I think a lot about the fact that the Buddha made a separate category for Right Speech. He could have been more efficient and included it in Right Action, since speaking is a form of action. For a while I thought it was separate because we speak so much. But then I changed my mind — some people don't speak a lot. Now, I think it's a separate category because speech is so potent.

I read a sentence in a magazine years ago, a page filler added to the bottom of a column because the article wasn't quite long enough. I don't recall what magazine it was or what the article was about, but I remember the sentence. It said, "Sticks and stones may break my bones, but words can always harm me."

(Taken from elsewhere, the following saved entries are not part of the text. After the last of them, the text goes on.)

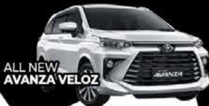
ALL NEW AVANZA VELOZ
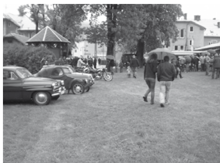
Nepřízeň počasí, déšť, vítr, mlha a zima pronásledovala i letošní ročník a negativně ovlivnila počet účastníků
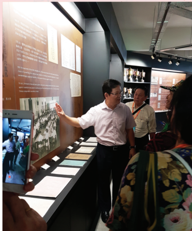
探訪團參觀中化中學校史館

另外在勿洞，也受到勿洞華僑華人的熱情招待，他們送來榴槿、山竹、紅毛丹這些在香港那麼稀有、珍貴的熱帶水果，卻讓團員任吃、任拿帶走，真是不可思議！

Sometimes, in a class, I will say, "Raise your hand if you have ever broken a bone." After people raise their hands, I say, "Leave your hand up if that bone still hurts you now." Usually, all the hands come down. Then I say, "Raise your hand if you still feel pain from something someone said to you in the past year." Lots of hands go up. "Keep your hand up if you have pain from a remark someone made about you in the last five years." Hands stay up. "Last ten years . . . twenty years . . . thirty years . . . a remark made before you were five years old." Many people still have an arm in the air. They look around at each other and smile, sheepishly, but I don't think anyone is amused. It is a lovely moment of shared compassion, of being a witness to the burden we have all borne of carrying the pain of hurtful remarks. Perhaps we think that if we are mature adults we should have gotten over the rebukes of childhood. I wonder if we ever do. I think we are all quite vulnerable, like cream puffs, crisp on the outside but fragile inside and very sweet.